Not only have the leading American media failed to discuss the government’s initiatives on religious freedom, but so have the serious foreign policy journals. This is particularly unfortunate, since religious freedom is a powerful and polarizing issue in a number of countries whose efforts to suppress religious dissent have the potential of rocking the world: Afghanistan, Pakistan, Saudi Arabia, Egypt, Indonesia, India, Turkey, and Nigeria.

Religion is now one of the dominant stories in the media. But it is not the story of the "importance of religious freedom" that the U.S. spent three years trumpeting. Rather it is the "dangers of religious extremism" story that has long been used by regimes in Uzbekistan, Turkmenistan, China, Saudi Arabia, and Egypt to justify their policies of repression. While it is impossible to know with certainty whether IRFA will play any serious role in U.S. foreign policy as the U.S. wages war against people professing to act in the name of religion, there are ample grounds for doubt.

The State Department’s third religious freedom report (the release of which was delayed for more than a month after September 11) does not appear to have been edited to conform to the needs of the pressing international crisis. Unfortunately, it appears that the criticisms the report makes are not likely to dissuade the Bush administration from cozying up to a number of questionable regimes.

In the weeks following September 11, the U.S. sent clear messages that it was prepared to overlook their violations of religious freedom if they would join the campaign against terrorism. These messages have been particularly appealing to such countries as China, Uzbekistan, and Sudan, which characteristically claim that their religious minorities are terrorists or insurgents.

China has publicly linked the U.S. battle against terrorism to its own battle against the Muslim Uighers in its western provinces. Uzbekistan has an unseemly reputation for criminalizing all religious groups that have not received prior approval from the government. And the U.S. has been notably uncritical in public of Saudi Arabia, whose policies might fairly be blamed for having nourished and financed the very extremism against which war is now being waged.

Sudan presents a more contradictory picture. On the one hand, the Bush administration is quietly continuing Clinton-era sanctions. On the other hand, the administration has repudiated the religious right’s wish to treat Sudan as a pariah state and has launched what the right finds anathema: a policy of engagement. The U.S. now emphasizes Sudan’s cooperation with the anti-terrorism war while it downplays the Sudanese government’s lethal abuse of its own people.

At the administration’s urging, and to the bitter disappointment of the diehard opponents of any type of engagement with the Sudanese government, Congress on September 19 unceremoniously dropped the fast-moving and widely popular Sudan Peace Act, which would have put added pressure on the regime. Then, in mid-November, the bill appeared to be back on track. Depending on what private diplomatic communications the Sudanese leaders are receiving from the U.S., this could all add up to anything from sophisticated diplomacy to cynical duplicity.

In the weeks following September 11, the Washington voices that earlier had sounded the alarm about religious freedom fell silent. For some, the partisan value of using the issue to attack a political opponent in the White House had disappeared on inauguration day. Others no doubt saw combating terrorism as the more pressing need.

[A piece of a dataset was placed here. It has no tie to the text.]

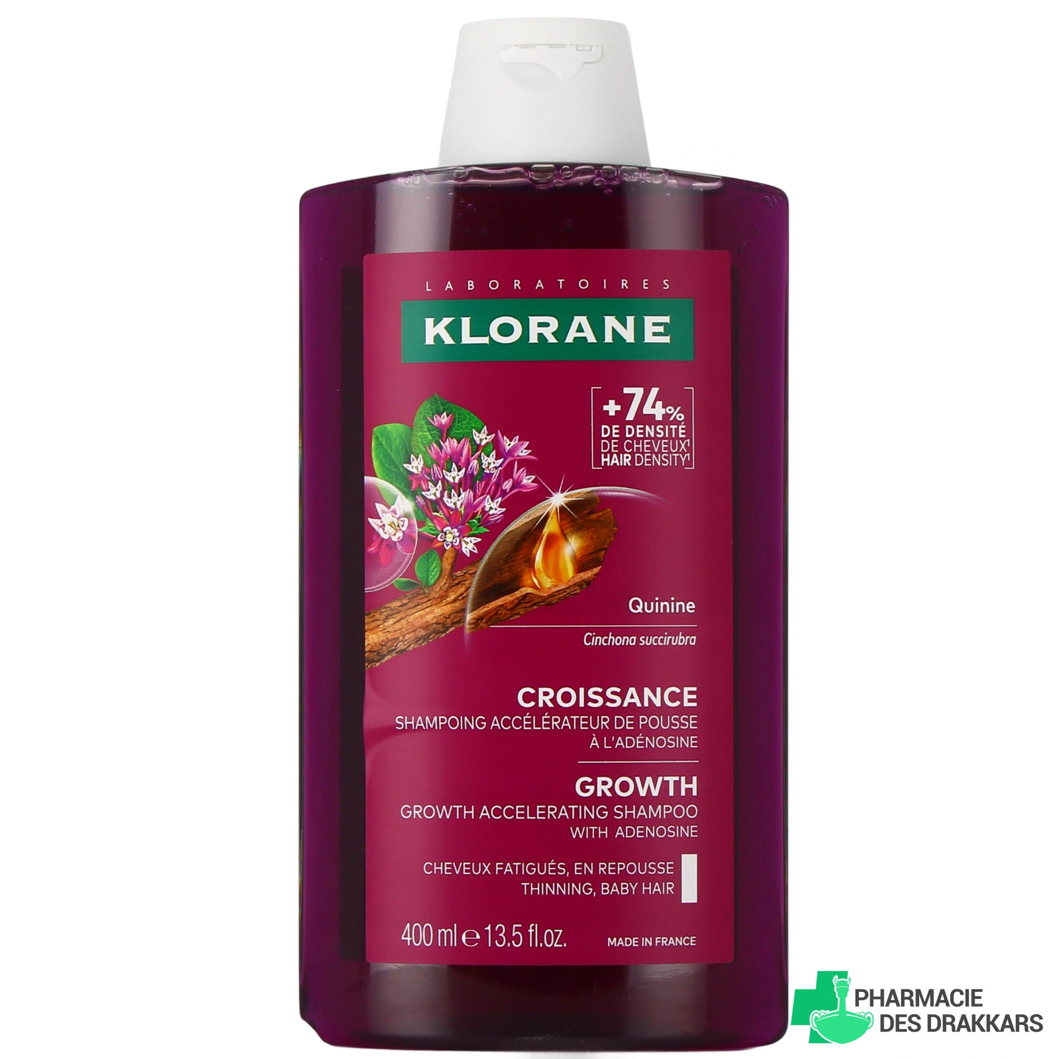 Au cœur de la formule de ce shampoing pousse cheveux, la quinine, extraite de l'écorce de quinquina, est traditionnellement reconnue pour ses propriétés fortifiantes et revitalisantes. Elle stimule le cuir chevelu et aide à renforcer les cheveux dès la racine. L'adénosine agit en synergie pour favoriser la croissance capillaire. Finalement, le complexe kératine-like répare la fibre capillaire en profondeur et contribue à redensifier et fortifier les cheveux.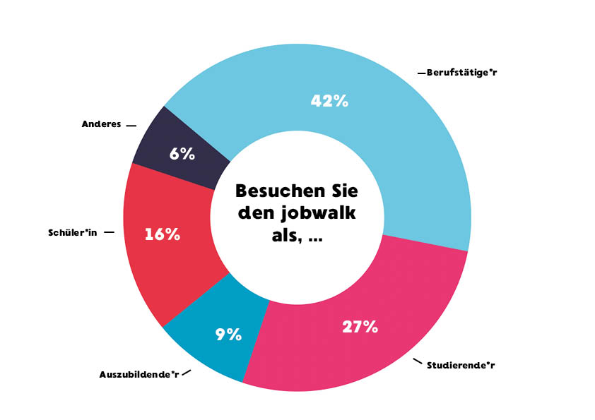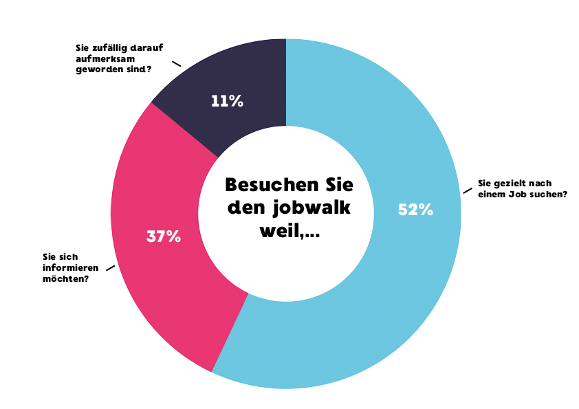 Sicherlich einmalig ist unsere jobwalk-Promotion-Tour. Rund 4 Wochen vor der Veranstaltungen beginnen wir mit unserer Werbetour durch Schulen, Hochschulen, Arbeitsämter, Jobcenter und Innenstädte um möglichst viele Interessenten auf den jobwalk aufmerksam zu machen. Ergänzt wird die jPT durch Plakate, Radio- und TV-Werbung, Werbung in öffentlichen Verkehrsmitteln und großflächige Plakatierungen und natürlich Social Media.

Sadly, the attack by fanatics who wish to quash religious liberty is not prompting government officials to press for the larger principle of religious freedom that was loudly proclaimed in 1998. Rather, it is precipitating them to cultivate convenient alliances with religious oppressors. If the United States pursues its war by abetting regimes that suppress religious freedom in the name of security, it will likely lose the battles for freedom and security.